REAVLEY, Circuit Judge:

John Jordan filed a petition for writ of habeas corpus asserting that his constitutional right to testify had been violated in the course of his state court trial for rape. The district court denied the petition. We reverse and remand.

BACKGROUND

In 1987 Jordan was tried and convicted in Mississippi state court for the rape of G.R. After exhausting his state remedies, he sought federal habeas corpus relief. He alleged that he was denied his right to testify on his own behalf at trial. A magistrate judge conducted an evidentiary hearing on this claim. Jordan testified at the hearing that he informed his attorney prior to trial and during each trial recess that he wished to testify. In particular, he wished to testify that he was visiting relatives in Dallas at the time of the rape. He further wanted to testify to refute the victim's description of him as the rapist, to point out that the fingerprints taken from the scene were not his, and to show that the jacket taken from his house in 1986 by the sheriff was different from the jacket the victim described the rapist as wearing. Jordan stated that his lawyer told him he could not testify because such testimony might result in the jury learning of Jordan's 1976 conviction for child molestation. Jordan's wife and daughter corroborated his testimony. The magistrate found the testimony of the witnesses believable and uncontradicted. Jordan's attorney from the state trial could not be located and did not testify at the habeas hearing.

The magistrate recommended that habeas corpus relief be granted. After hearing the testimony, the magistrate made factual findings that Jordan repeatedly requested to testify at trial, that his counsel's decision not to call him was made against his wishes, that Jordan understood that he had a right to testify, and that he never voluntarily and intentionally waived that right.

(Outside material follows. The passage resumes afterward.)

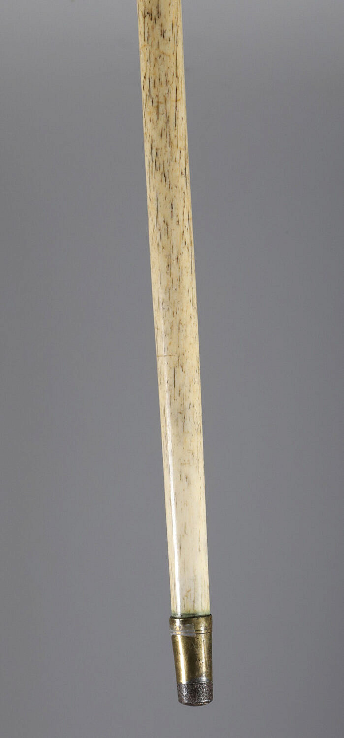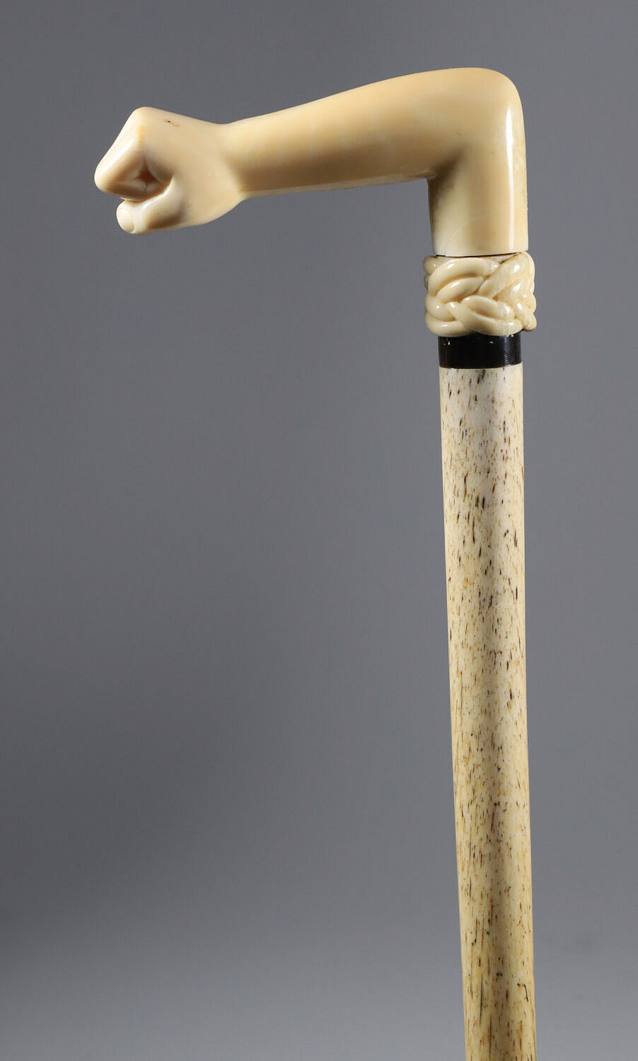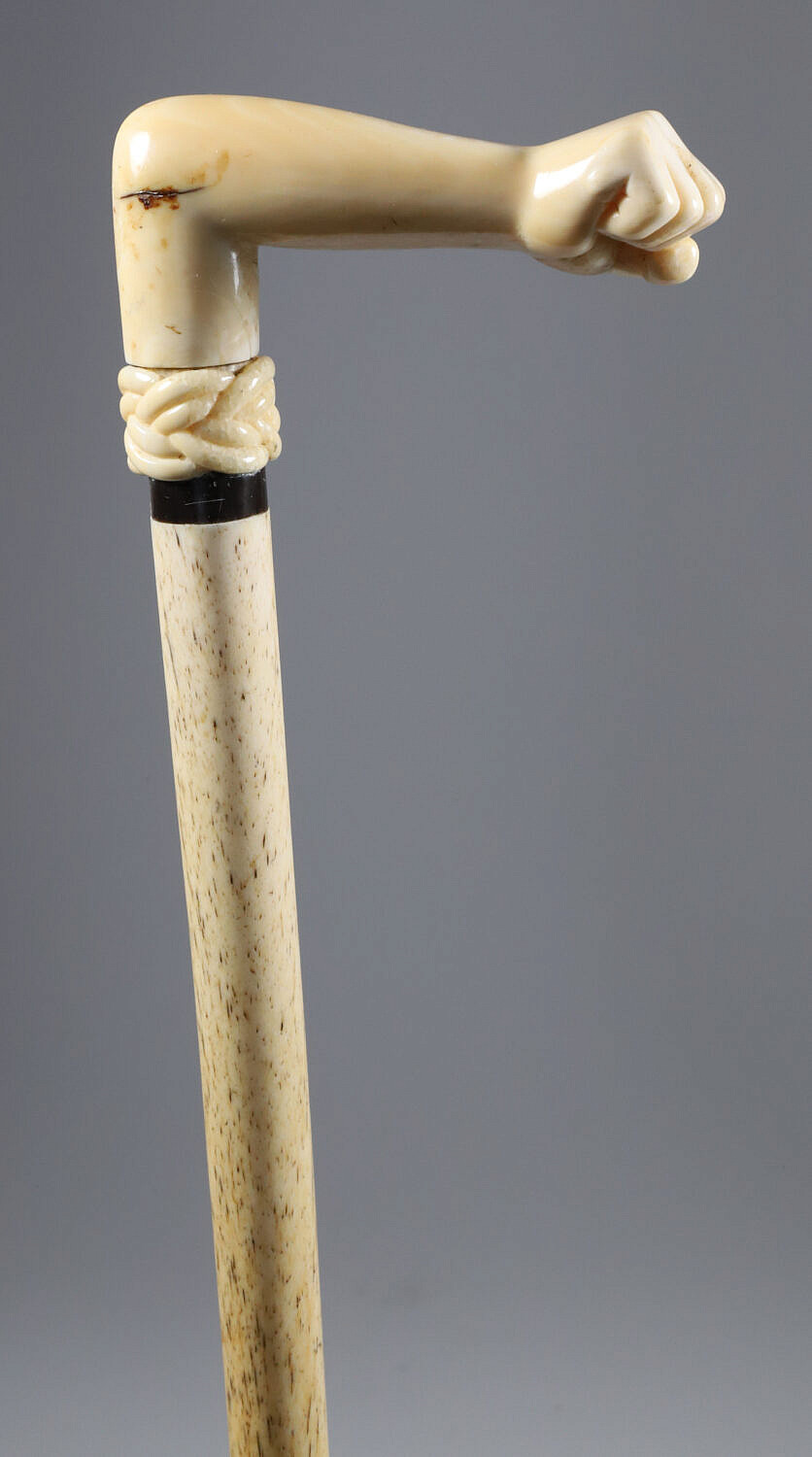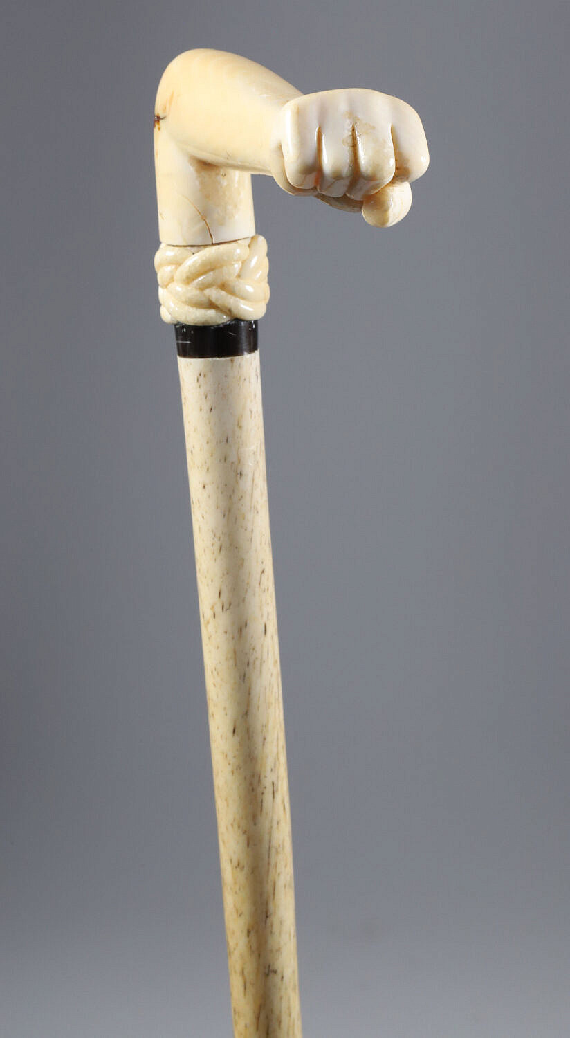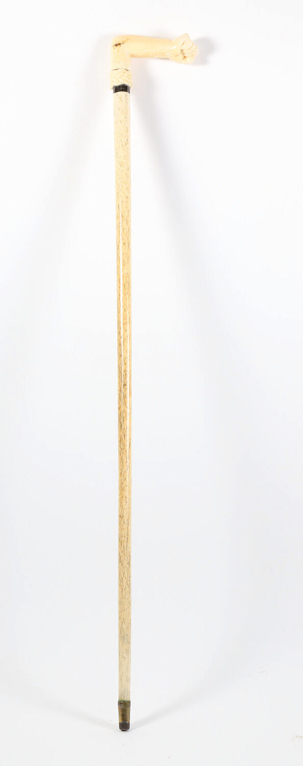Whaler Made Clenched Fist Cane, 19th Century Consign Now Dept19th Century Scrimshaw, Walking Sticks and CanesSizeLength 34 in. Whaler Made Clenched Fist Cane, 19th Century, antique walrus ivory clenched fist and turks head band on tapering whale bone shaft Length 34 in. Provenance: The Estate of Eddi Van Auken Please note that this auction has ended. Click here for an overview of this auction.
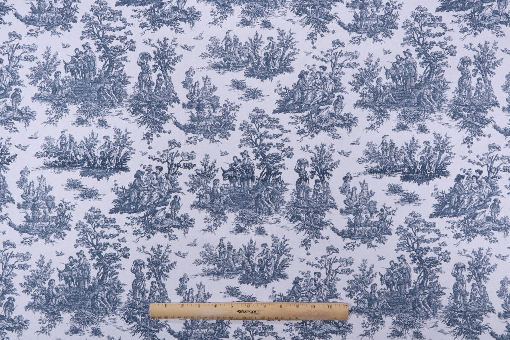 Premier Prints Jamestown Toile Printed Cotton Drapery Fabric in Premier Navy is a remnant, which is sold as a whole piece.

The district court rejected the magistrate's recommendation and denied the request for habeas corpus relief. The court concluded that Jordan had waived his right to testify by voluntarily choosing not to testify on the advice of his attorney, and by failing to assert his right to testify either through his attorney or on his own during the state trial.

DISCUSSION

A criminal defendant has a fundamental constitutional right to testify on his own behalf. Rock v. Arkansas, 483 U.S. 44, 49-52, 107 S.Ct. 2704, 2708-10, 97 L.Ed.2d 37 (1987). This right is granted to the defendant personally and not to his counsel. Id. at 51, 107 S.Ct. at 2709. See also United States v. Teague, 953 F.2d 1525, 1532 (11th Cir.) (on rehearing en banc) ("We now reaffirm that a criminal defendant has a fundamental constitutional right to testify in his or her own behalf at trial. This right is personal to the defendant and cannot be waived either by the trial court or by defense counsel."), cert. denied, --- U.S. ----, 113 S.Ct. 127, 121 L.Ed.2d 82 (1992).

A. Whether a Constitutional Violation Occurred

A defendant may of course waive his right to testify, and frequently does so on the advice of counsel. We would find no violation of the right to testify if Jordan acquiesced during trial to his attorney's recommendation that he not testify and later decided that he should have testified. Instead, a violation of this right only occurred if the "final decision that [defendant] would not testify was made against his will. In other words, we must determine whether [defendant] made a knowing, voluntary and intelligent waiver of his right to testify." United States v. Teague, 908 F.2d 752, 759 (11th Cir.1990), rehearing granted, 953 F.2d 1525 (11th Cir.), cert. denied, --- U.S. ----, 113 S.Ct. 127, 121 L.Ed.2d 82 (1992).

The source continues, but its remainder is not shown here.